To me Kinit Her play a middling hybrid of folk, electronics and black metal. The riffing is relentlessly mid-paced, never summoning the screaming, blurry, guitar holocaust of prime black metal. The vocals are almost operatic. Not just in their glass shattering pitch, but also in the theatrical delivery of the singer, who waves his arms around as if he is in a concert hall.

But I can't help fearing that my opinion is polluted.

I grew up on metal, with Mayhem, Beherit and Darkthrone. I know the derision heaped on metallers with long hair and corpse paint. I didn't think that abuse was fair. To just be judged on how you look. But now I find myself making similar judgements about Kinit Her.

On some level it is about authenticity. Extreme metal, in different forms, has crossed over and become popular with fans of non-metal music. Do Kinit Her only exist because black metal is now cool with their friends?

Metal used to lack self confidence. Metal fans were derided and scorned by the public and friends alike. It bred a defensiveness that still lives in my psyche. I need to know if a band are for real.

But as I sit in the audience making sweeping judgements about Kinit Her, I can't ignore my own utterly, fatally, compromised position. Am I very different from anyone in Kinit Her? I started out in metal, but now I'm in all sorts of experimental, esoteric places. No-one is telling me to go back to my Burzum demos.

Maybe underneath this is a deeply repressed feeling of my own moral superiority. I want people to know I was into this stuff before they were. That I own this music, and they're just a guest. I admit this, because I fear it has filtered into my judgements on the band. This is my view. You should decide your own.

I cease my self analysis before Burial Hex begin.

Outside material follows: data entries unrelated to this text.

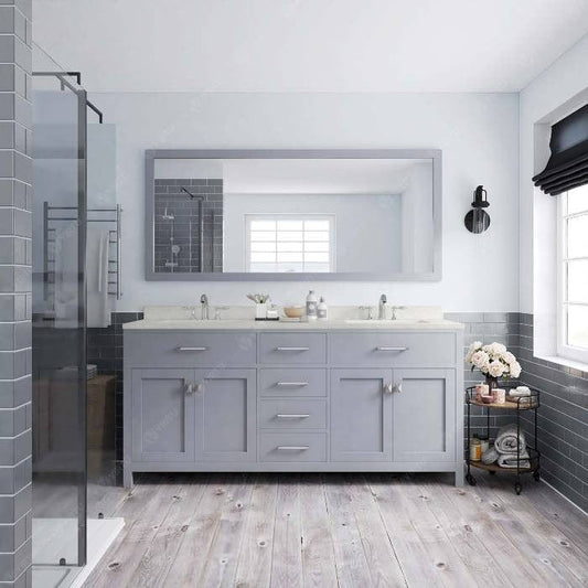 Caroline Avenue Contemporary Cashmere Grey 72" Double Square Sink Vanity Set with Brushed Nickel Faucet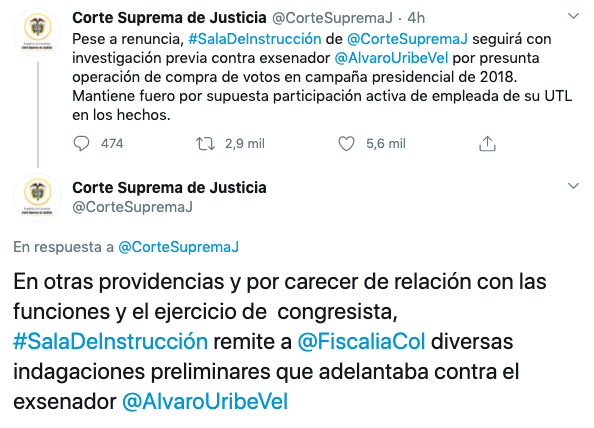 "Pese a renuncia, Sala de Instrucción de Corte Suprema de Justicia seguirá con investigación previa contra exsenador Álvaro Uribe Vélez por presunta operación de compra de votos en campaña presidencial de 2018", indicó.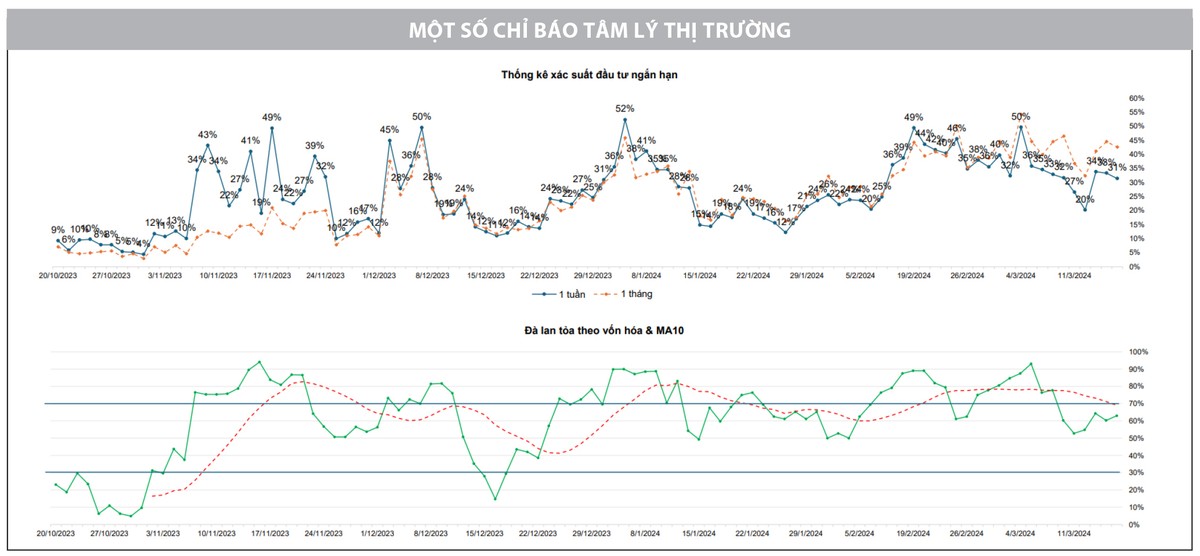 Các chỉ báo tâm lý thị trường cho thấy sự do dự nhất định của dòng tiền khi xác suất đầu tư ngắn hạn giảm sút, đồng thời đà lan tỏa đang trong quá trình kiểm tra lại đường MA10. Dù vậy, các chỉ báo cũng cho thấy chưa có dấu hiệu bán tháo hay hoảng loạn trong tâm lý thị trường nên sóng tăng ngắn hạn được duy trì.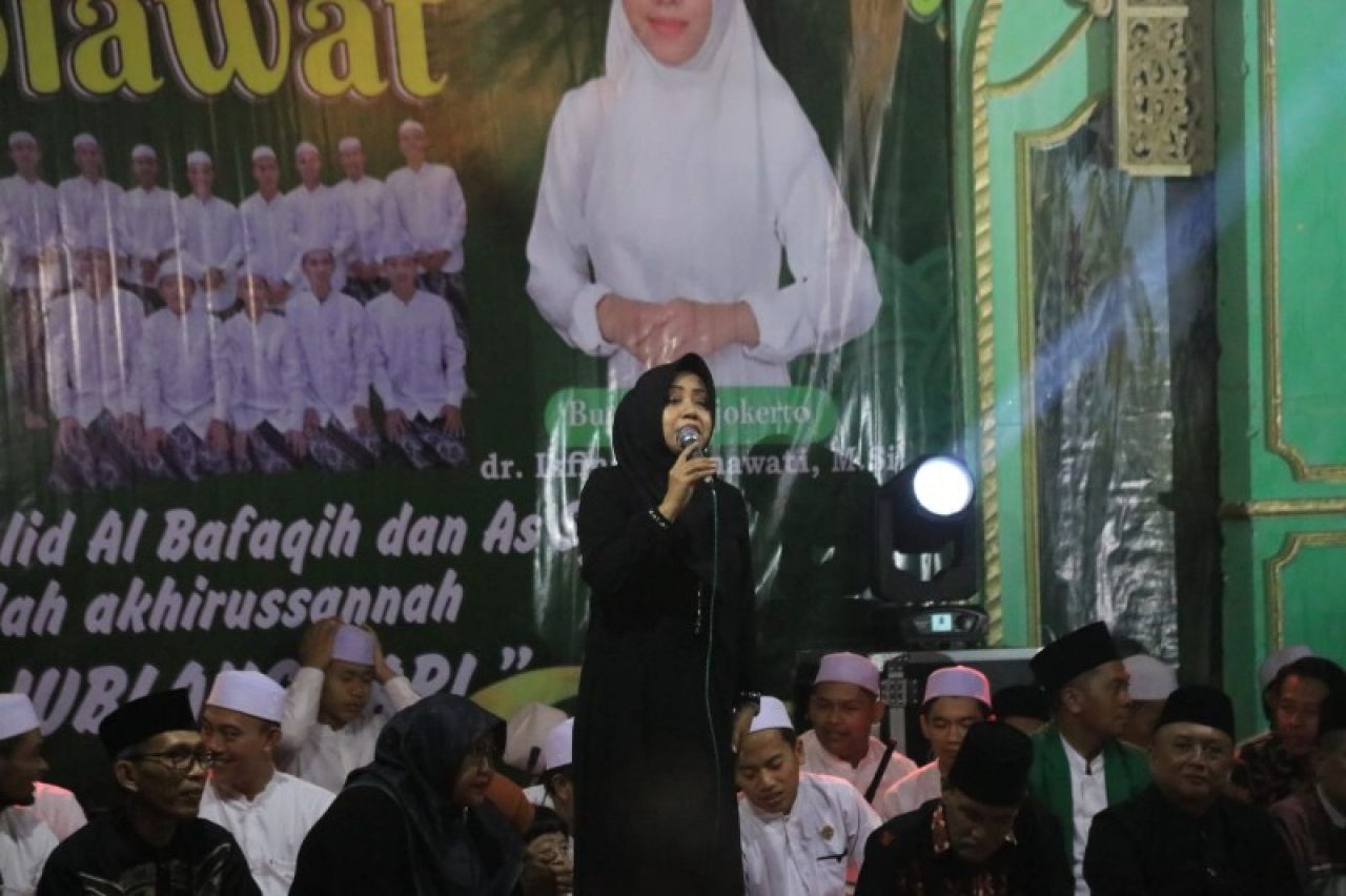 KABUPATEN MOJOKERTO | B-news.id - Bupati Mojokerto Ikfina Fahmawati berkesempatan menghadiri Pengajian Umum dan Sholawatan yang diadakan dalam rangka wisuda santri TPQ Al Akbar Dusun Jublangsari Desa Simongagrok Kecamatan Dawarblandong pada Senin (15/7) malam.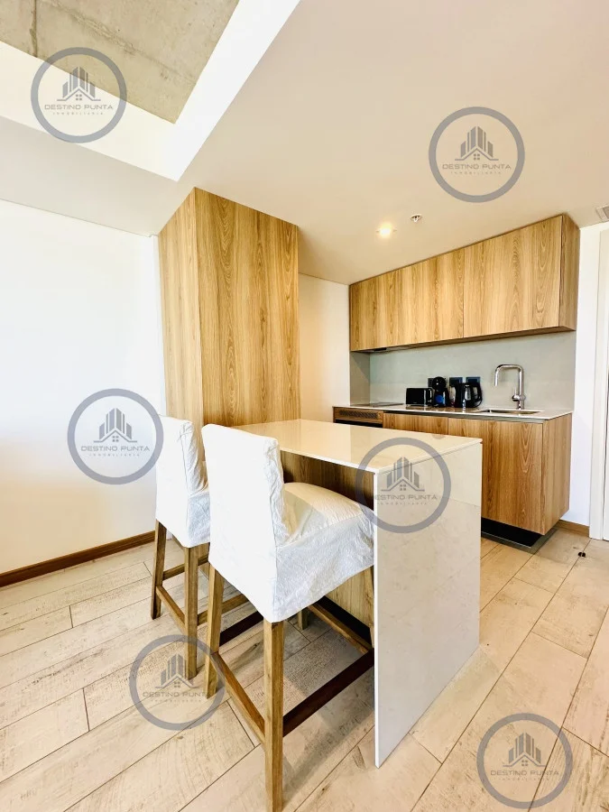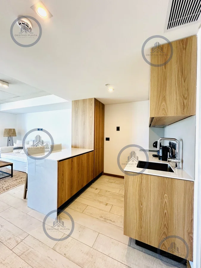 Apartamento piso alto monoambiente a estrenar. Terraza cómoda con vistas panorámicas hacia Playa Brava. Completamente equipado, se entrega con luz habilitada, muebles, electrodomésticos, vajilla y ropa blanca. El precio incluye garaje, gastos de alhajamiento y equipos de aire acondicionados instalados. Consulte con nuestros asesores***383 [email protected] destinopunta.com Referencia Interna : Tera-681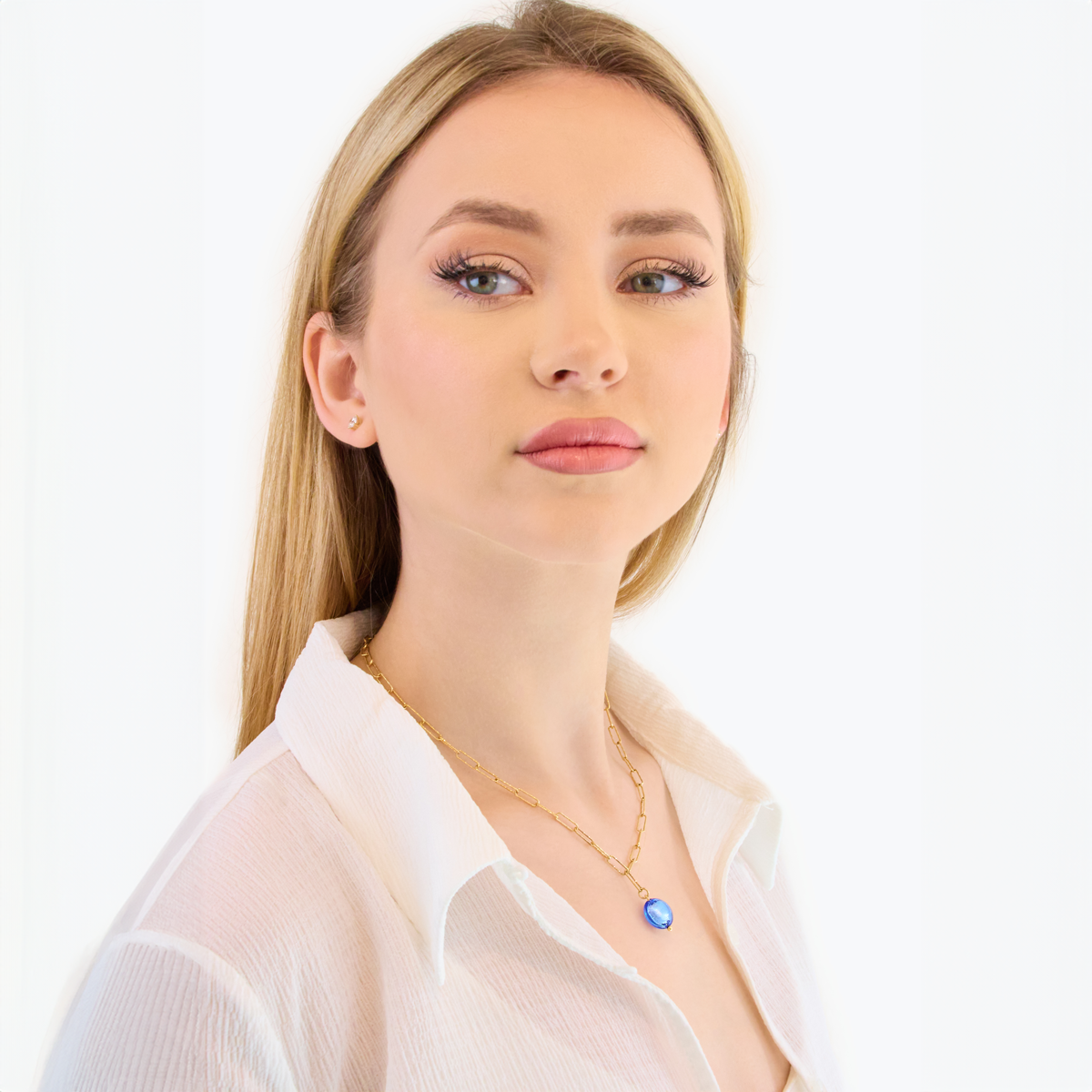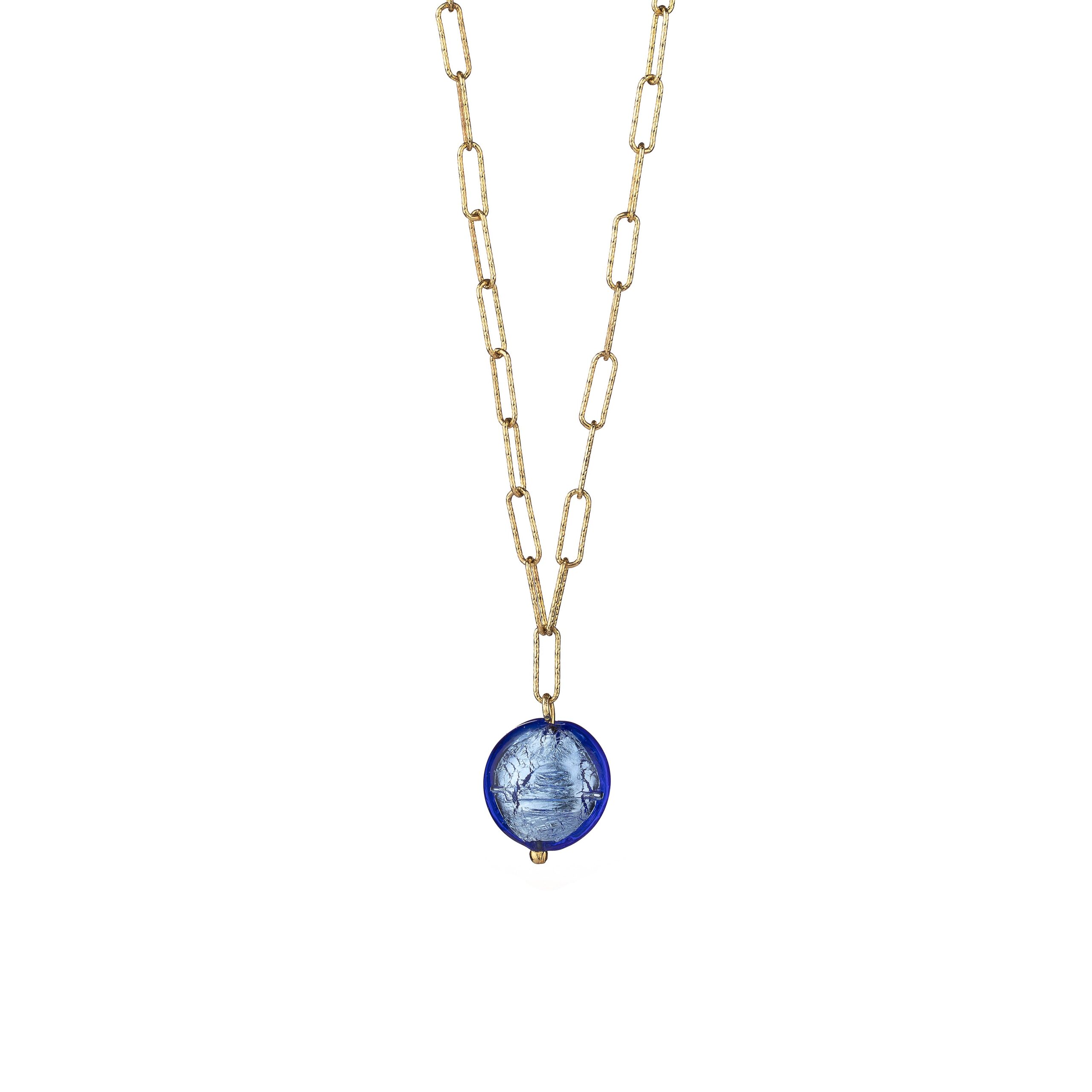 Material: Plata de ley / Plata de ley enchapada en oro de 18K, laca protectora, piedra azul de vidrio de Murano

Freed from my introspection I am able to enjoy his set on it's merits alone. Over ominous groans, cracks, clicks and creaks tumbles classically inspired piano. Like Chopin gone black metal. There is an eerie, unsettling disparity between this union of elements. As if a virtuoso pianist had been warped into some barren, blackened, alien tundra. Somehow it works.

Saturn Finger are a noise drone duo. They deploy the usual array of effects pedals along with ukelele, and other stuff. I can't remember and I didn't make notes. Long hours at work mean I can barely keep awake through their set. I think I fell asleep for a bit. I hope they thought I was just concentrating on their music. What I remember wasn't that good. There didn't seem any shape to their music, just random stuff.

I cycle home. It barely wakes me up.
 


I'm Being Good/Jack Allett/Lamp - The Freebutt, Brighton, 06.06.2009
[info]jiltedbarfly

I have been going to gigs at The Freebutt for half my life and it has never looked so forbidding. It's windows have been boarded up. It looks like it's closed down.

When I first came here the venue was the size of someone's front room. When bands played everyone used the women's toilet because the bands amps and gear had to go in front of the gents. Then, sometime years back - I can't remember - they knocked through into another room and created a bigger space. However, the odd L-shaped space this created wasn't any better. For whilst you could get more people in there, only the same number could still see the stage.

Since then they have redesigned again and put the stage of the apex of the L, but there is a massive pillar in the centre of the room where you'd be most likely to stand. In a few years I imagine they'll try again.

Lamp. Three piece. Two guitars. Drums. No vocals. Their songs follow a similar pattern. Mid-paced amble leading to controlled crescendo. It makes me think of late era Polvo and tonight's headliners. Sometimes they meander rather than amble and go on for a bit too long. They could do with loosening up on the rock-outs.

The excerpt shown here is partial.